One of the undercurrents fueling concerns about the Common Core is the relentless focus on preparation for “college and career.” Education has always had dual aspirations - to elevate mind and spirit, through the investigation of big ideas, and the pursuit of fine arts and literature, and the service of the economic needs of individuals and society. What we are feeling in our modern culture is the absolute hegemony of commercial aims, as if every activity that does not produce profit is under assault.

And in our classrooms there is a parallel assault on activities that do not “prepare for college and career,” which has been redefined, in practical terms, as preparation for the tests that have been determined to be aligned with that goal. Preparation for college and career has begun to feel more and more like “preparation to make yourself useful to future corporate employers.”

A letter signed by 132 Catholic professors made this argument clear:

Promoters of Common Core say that it is designed to make America's children "college and career ready." We instead judge Common Core to be a recipe for standardized workforce preparation.

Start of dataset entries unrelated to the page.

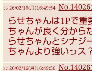 | … | 3626/02/16(月)16:49:54No.1402612593+らせちゃんは1Pで重要度高そうな雰囲気あったけどモモちゃんが良く分からないっス |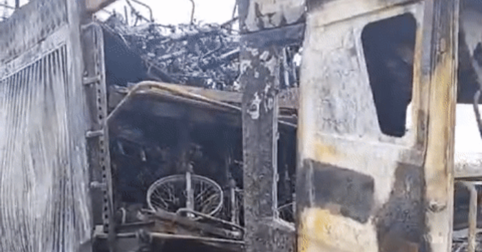 Xe đầu kéo chở 128 xe máy mới bốc cháy dữ dội lúc 2h sáng 17/11 trên đường Hồ Chí Minh đoạn qua Quảng Trị, bị thiêu rụi hoàn toàn chỉ còn khung sắt, thiệt hại khoảng 6 tỷ đồng dù không ai bị thương
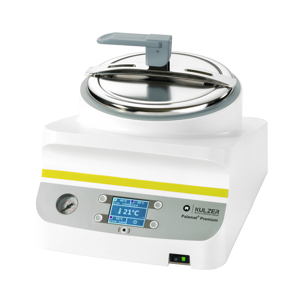 Das Wasserbad-Polymerisationsgerät – für jeden Anwender. Palamat Premium bietet ein neues, platzsparendes Design und zugleich ein größeres Inneres – genau an den Stellen, auf die es ankommt. Das Gerät verfügt über eine größere Öffnung als das Vorgängermodell und bietet zudem eine höhere Kapazität, sodass selbst große Artikulatoren darin Platz finden. Intuitive Bedienung über voreingestellte oder frei einstellbare Programme für alle Arten von Heiß- und Kaltpolymerisaten.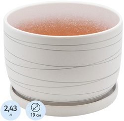 Горшок для цветов с поддоном Вещицы 2.43 л белый (13×19 см)<br><br>Белый керамический горшок с поддоном выполнен из высококачественной глины и имеет классическую круглую форму с оригинальным дизайном. Он подходит для комнатных растений и цветов, добавляя изысканности вашему интерьеру.<br><br>Объём горшка составляет 2.43 литра, с размерами: высота — 130 мм, ширина — 190 мм, ширина основания — 190 мм. В комплект входит поддон для сбора лишней воды. Дренажное отверстие помогает поддерживать оптимальную влажность для растений.<br><br>Горшок предназначен для установки на столах или полках, а также подойдет для рассады и выращивания цветов. Хороший подарок для любителей растений и декора.

Common Core shortchanges the central goals of all sound education and surely those of Catholic education: to grow in the virtues necessary to know, love, and serve the Lord, to mature into a responsible, flourishing adult, and to contribute as a citizen to the process of responsible democratic self-government.

One of the signers of that letter, Patrick Deenan, expanded on this idea:

It is unmistakably the case that the most dominant voices in education today insist that education is or ought be solely about ...the accumulation of facts and "critical thinking," divorced from higher ends. A wholly utilitarian mindset now informs our basic approach to education. For example, consider the basic aims expressed in the ambitions of the proposed national standards, the Core Curriculum--for every student to achieve "career and college-readiness." Given the pressures today on colleges to retool their curricula to similarly deemphasize the liberal arts in favor of career-readiness (recall that President Obama recently delivered a speech in which he proposed a set of national standards for rating college success, tying federal aid to such measures, and that among them was a measure for how much income was secured after graduation by the graduates of various institutions), we see clearly how a basic utilitarian mindset now dominates the definition and understanding of education and how it thereby constrains, limits, and narrows the scope of education's purposes solely to the debased end of work.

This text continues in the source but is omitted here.